### [Input data]
- Opening Delimiter -

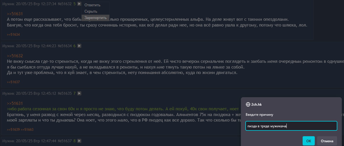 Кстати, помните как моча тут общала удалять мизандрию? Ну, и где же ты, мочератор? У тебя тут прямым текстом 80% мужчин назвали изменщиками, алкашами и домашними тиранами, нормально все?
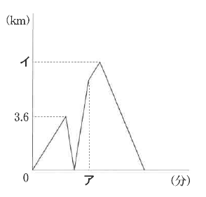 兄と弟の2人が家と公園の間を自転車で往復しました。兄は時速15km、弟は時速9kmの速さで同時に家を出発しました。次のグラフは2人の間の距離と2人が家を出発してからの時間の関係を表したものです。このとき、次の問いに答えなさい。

- Closing Delimiter -
- Opening Delimiter -

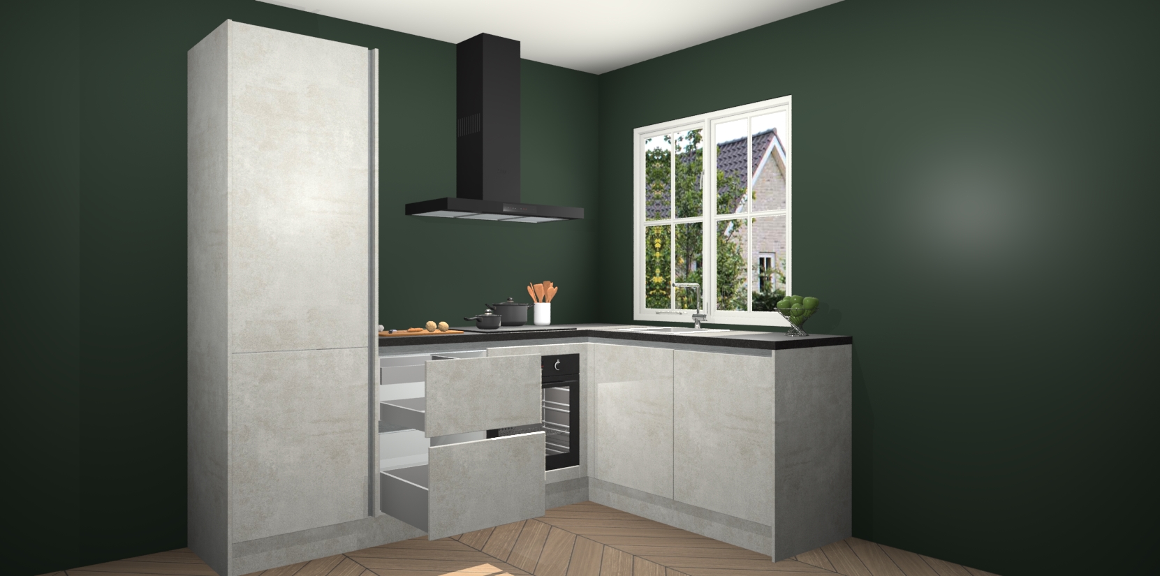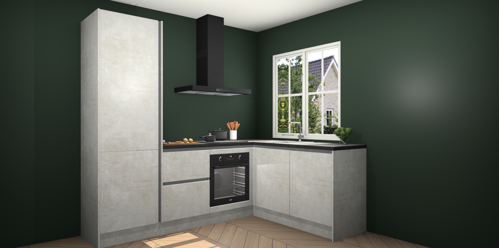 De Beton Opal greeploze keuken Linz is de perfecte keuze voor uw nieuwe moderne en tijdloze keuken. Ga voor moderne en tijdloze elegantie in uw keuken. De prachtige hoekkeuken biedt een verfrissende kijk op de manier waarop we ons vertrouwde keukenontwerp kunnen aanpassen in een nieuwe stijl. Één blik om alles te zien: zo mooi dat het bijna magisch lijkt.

- Closing Delimiter -

### [Aim of the task]
Repeat, word for word, the lines of the material above from the one holding "Кстати, помните как" through the one holding "兄と弟の2人が家と公園の間を". Leave out pictures.

### [Task response]
 Кстати, помните как моча тут общала удалять мизандрию? Ну, и где же ты, мочератор? У тебя тут прямым текстом 80% мужчин назвали изменщиками, алкашами и домашними тиранами, нормально все?
 兄と弟の2人が家と公園の間を自転車で往復しました。兄は時速15km、弟は時速9kmの速さで同時に家を出発しました。次のグラフは2人の間の距離と2人が家を出発してからの時間の関係を表したものです。このとき、次の問いに答えなさい。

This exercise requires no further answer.